DESCRIPTION (provided by applicant): Apolipoprotein B mRNA editing enzyme, catalytic polypeptide-1 like 3G (APOBEC3G, A3G) corresponds to a host-derived cytidine deaminase that displays potent anti-retroviral activity. When incorporated into budding HIV virions, the A3G enzyme massively mutates nascent HIV DNA produced during reverse transcription in the next target cell thereby halting HIV growth. HIV counters these effects of A3G through its Vif gene product, which promotes accelerated proteasome-mediated degradation and partially impaired de novo synthesis of A3G. The intracellular depletion of A3G makes the antiviral enzyme unavailable for incorporation into progeny virions. Our recent studies have unveiled a second antiviral action of A3G operating in resting CD4 T-cells. In these T-lymphocytes, cellular A3G functions as a highly active post-entry restriction factor blocking the growth of both wild type and deltaVif forms of HIV. Whether this "Vif-resistant" anti-HIV defense mediated by A3G involves cytidine deamination or a different mechanism is currently unknown. Further, the mechanism by which this post-entry restricting function of A3G is forfeited when T-cells are activated remains incompletely understood. Similarly, little is known about how host cells safeguard their own DNA from the mutagenic effects of A3G. Finally, it remains unknown whether A3G exerts other key functions beyond these antiviral effects. In Specific Aim 1, experiments will be performed to decipher how A3G and the closely related A3F and A3B antiviral enzymes are regulated in cells. In Specific Aim 2, the mechanism of A3G action as a post-entry restriction factor in resting CD4 T-cells, the range of viruses affected by this restriction, and potential similar functions of A3F will be delineated. Finally, in Specific Aim 3, studies will be conducted to assess whether A3G mediates important non-antiviral functions in mammalian cells. These experiments will involve the preparation and analysis of mice lacking the functional analogue of the A3G gene. Together, this program of proposed experimentation promises to enrich our understanding of the biology of A3G as well as the related A3F and A3B enzymes. With such understanding, new therapeutic strategies for inhibiting HIV growth could emerge.

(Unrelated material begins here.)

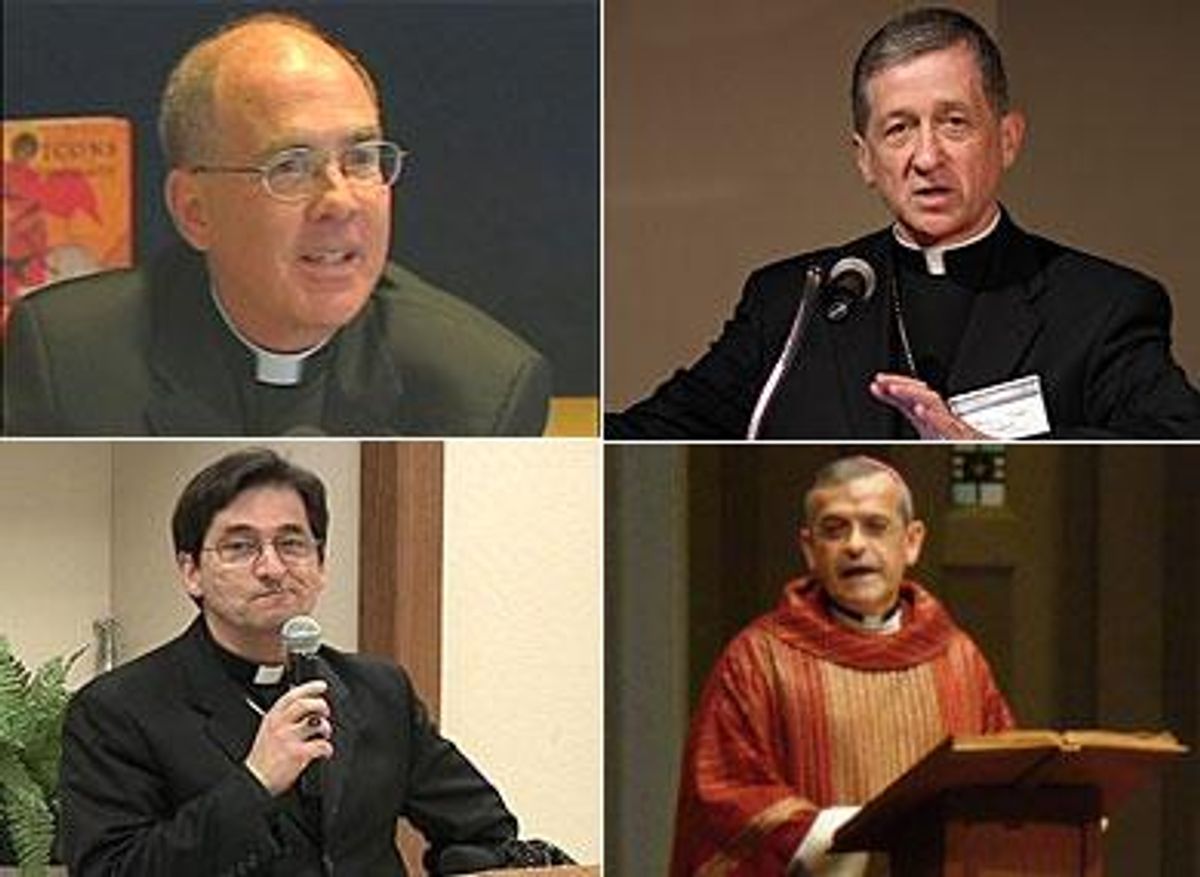 The bishops say that only heterosexual marriage should be legally recognized because it is "related to bringing children into the world and the continuation of the human race." There are "forces already undermining family life today," and recognizing other unions would exacerbate the situation, they write. They also say that limiting marriage to straight couples "does not depend on anyone's religious beliefs" and that this definition of marriage "is grounded not in faith, but in reason and the experience of society." The letter was signed by (pictured, clockwise from top left) J. Peter Sartain, Blase Cupich, Eusebio Elizondo, and Joseph J. Tyson.
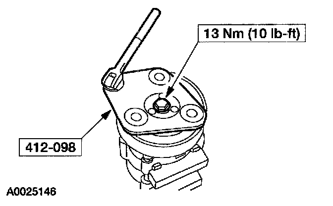 9. Install the A/C compressor. For additional information, refer to AIR CONDITIONING (A/C) COMPRESSOR - 2.0 L ZETEC or AIR CONDITIONING (A/C) COMPRESSOR - 3.0 L DURATEC (4V).

描述（由申请人提供）：载脂蛋白B mRNA编辑酶，催化多肽-1（如3G）（Apobec3g，A3G）对应于宿主衍生的胞苷脱氨酸酶，表现出有效的抗逆转录病毒活性。当掺入萌芽的HIV病毒体中时，A3G酶在下一个靶细胞中逆转录过程中产生的新生HIV DNA大体突变，从而停止HIV生长。 HIV通过其VIF基因产物来抵消A3G的这些影响，从而促进了蛋白酶体介导的降解，并部分受损的A3G合成。 A3G的细胞内耗竭使抗病毒酶无法掺入后代病毒体中。我们最近的研究揭示了在静止的CD4 T细胞中运行A3G的第二种抗病毒作用。在这些T淋巴细胞中，细胞A3G充当了高度活跃的进入后限制因子，阻断了HIV的野生型和Deltavif形式的生长。目前尚不清楚这种“耐VIF”抗HIV防御涉及胞苷脱氨酸或其他机制。此外，当T细胞被激活时，该限制后A3G的限制功能的机制仍未完全理解。同样，关于宿主细胞如何保护自己的DNA免受A3G的诱变作用，知之甚少。最后，尚不清楚A3G是否在这些抗病毒作用之外发挥了其他关键功能。在特定的目标1中，将进行实验，以破译A3G和密切相关的A3F和A3B抗病毒酶如何在细胞中调节。在特定的目标2中，A3G作用作为静止CD4 T细胞的进入后限制因素的机制，受该限制影响的病毒范围以及A3F的潜在类似功能将被描述。最后，在特定目标3中，将进行研究以评估A3G是否介导哺乳动物细胞中重要的非抗病毒功能。这些实验将涉及缺乏A3G基因功能类似物的小鼠的制备和分析。共同，该提出的实验计划有望丰富我们对A3G以及相关A3F和A3B酶的生物学的理解。有了这样的理解，可能会出现抑制艾滋病毒增长的新治疗策略。